Les Palestiniens s’opposent avec véhémence aux initiative de paix américaines et ils ont juré de ne pas seulement s’intéresser au plan de paix que les Etats-Unis vont rendre public.
Pourquoi les relations sont-elles aussi médiocres ?
Mais au cœur de la faiblesse des liens tissés entre les EAU et les Palestiniens, il y a Mohammad Dahlane, l’un des plus grands adversaires d’Abbas.
Dahlane, ancien chef de la sécurité qui a été accusé d’avoir tenté de renverser le leader de l’AP, a fui la Cisjordanie en 2011 après un raid des forces de l’Autorité palestinienne à son domicile, à proximité de Ramallah. Il s’est ensuite installé à Abu Dhabi et il est devenu rapidement un proche conseiller du prince émirati.
« Le conflit entre les EAU et l’Autorité palestinienne est lié à l’adoption et à l’accueil de Mohammad Dahlane aux Emirats arabes unis », explique Jihad Harb, analyste et chercheur palestinien.
Depuis qu’il s’est installé aux Emirats, Dahlane est devenu l’un des critiques les plus féroces d’Abbas, le fustigeant pour la consolidation de son autorité au sein du Fatah, de l’AP et de l’OLP.
A Ramallah, Abbas a pour sa part été de plus en plus outré par le rôle confié à Dahlane par Abu Dhabi et par ses tentatives de détruire son influence dans la politique palestinienne.
Au dernier congrès du Fatah, en 2016, Abbas et les responsables palestiniens de Ramallah se sont assurés que Dahlane et un grand nombre de ses alliés ne seraient pas présents, les excluant ostensiblement et réduisant ainsi leur poids dans les processus décisionnaires de la formation.
« Les relations entre les EAU et l’AP sont médiocres depuis que les Emirats ont adopté Dahlan », explique Ziyad Iyad, professeur de sciences politiques à l’université Al-Quds. « Mais les relations entre les deux ont commencé à se détériorer substantiellement il y a à peu-près quatre ans, quand Abu Dhabi a commencé à ouvrir les portes de l’Egypte à Dahlane ».
Au cours des dernières années, les services de renseignement égyptiens ont reçu Dahlane. Ils l’ont également parfois autorisé à apporter sa contribution aux affaires palestiniennes et en particulier à celles qui concernant Gaza.

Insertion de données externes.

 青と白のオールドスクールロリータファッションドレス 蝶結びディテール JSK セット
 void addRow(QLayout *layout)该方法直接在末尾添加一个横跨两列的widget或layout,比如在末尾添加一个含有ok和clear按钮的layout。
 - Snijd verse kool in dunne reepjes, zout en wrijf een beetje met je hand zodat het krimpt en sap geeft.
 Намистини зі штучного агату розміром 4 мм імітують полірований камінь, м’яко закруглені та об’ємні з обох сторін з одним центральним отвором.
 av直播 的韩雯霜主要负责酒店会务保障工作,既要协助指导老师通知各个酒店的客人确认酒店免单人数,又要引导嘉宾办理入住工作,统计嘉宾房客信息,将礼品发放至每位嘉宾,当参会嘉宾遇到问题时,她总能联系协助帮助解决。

En 2017, l’Egypte a même permis à Dahlane de jouer un rôle dans l’envoi de millions de dollars émiratis à Gaza pour promouvoir les efforts sociaux de réconciliation.
« Avec l’aide des EAU, Dahlane a eu un rôle dans les relations égypto-palestiniennes », affirme Iyad. Abbas a considéré cela comme une interférence directe dans les affaires palestiniennes internes, comme un effort visant à promouvoir une alternative à son leadership ».
Et avec Dahlan et les Emirats arabes unis dans la même équipe, l’effondrement des liens entre les Palestiniens et les Emirats arabes unis ne peut probablement qu’empirer.